En el país, la mayor parte de la cosecha de aceitunas se realiza a mano. «Salvo contadas excepciones», señaló Jooste. «Debido a la extensión de la zona de cultivo de aceitunas en Sudáfrica y a las distancias entre las explotaciones, cada una de ellas es, en esencia, una pequeña comunidad formada por los propietarios, los empleados, los trabajadores temporeros y las familias a las que mantienen».
De cara al futuro, los productores locales quieren aumentar la demanda de aceite de oliva en el mercado nacional.
«La industria olivarera sudafricana es joven», señaló Westcott. «La mayoría de los consumidores aún no han tenido suficiente contacto [con el aceite de oliva] como para comprender sus matices, las variedades [de aceitunas] o sus beneficios para la salud».
«Aunque algunos consumidores están bien informados y buscan aceites de oliva virgen extra de calidad, la gran mayoría se fija en el precio», añadió. «El consumidor parece estar cada vez más consciente de los beneficios».
Según Nigrini, una vez que los consumidores conocen el aceite de oliva virgen extra, lo buscan con más frecuencia. «Hoy en día, la gente se preocupa más por la salud y valora los productos de mayor calidad, de ahí que consuman aceites de oliva virgen extra», afirmó.
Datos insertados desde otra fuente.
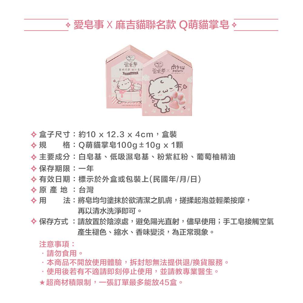 以貓掌圓潤肉球為造型的可愛手工皂,質地溫和、泡沫細緻,洗手也能療癒一整天。送禮、自用都超可愛!

«Nosotros, como productores de aceitunas, intentamos educar a nuestros clientes sobre el aceite de oliva virgen extra, sobre qué deben tener en cuenta para tomar una decisión más informada a la hora de comprar aceite de oliva», añadió Nigrini. «En Sudáfrica, la calidad del aceite de oliva virgen extra no está regulada por la legislación».
Debido a la falta de regulación, Nigrini destacó la importancia de certificaciones como el «Compromiso de Cumplimiento» (CTC) emitido por la asociación de productores de aceitunas, que, según ella, es crucial para el control de calidad.
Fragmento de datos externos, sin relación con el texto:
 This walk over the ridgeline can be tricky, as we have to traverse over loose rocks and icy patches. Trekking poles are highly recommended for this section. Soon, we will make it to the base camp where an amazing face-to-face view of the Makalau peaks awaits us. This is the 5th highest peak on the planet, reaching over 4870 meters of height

Un laboratorio independiente certifica si el aceite de oliva cumple con los límites de acidez libre y los índices de peróxido. «Este sello CTC ofrece una garantía a los consumidores», afirmó Nigrini.
«SA Olive trabaja para educar a los consumidores y promover los beneficios del aceite de oliva virgen extra», dijo Josste. «La temporada de cosecha es cuando se refuerzan ciertos mensajes, por ejemplo, la importancia de procesar las aceitunas poco después de la recolección para garantizar la frescura del aceite de oliva virgen extra».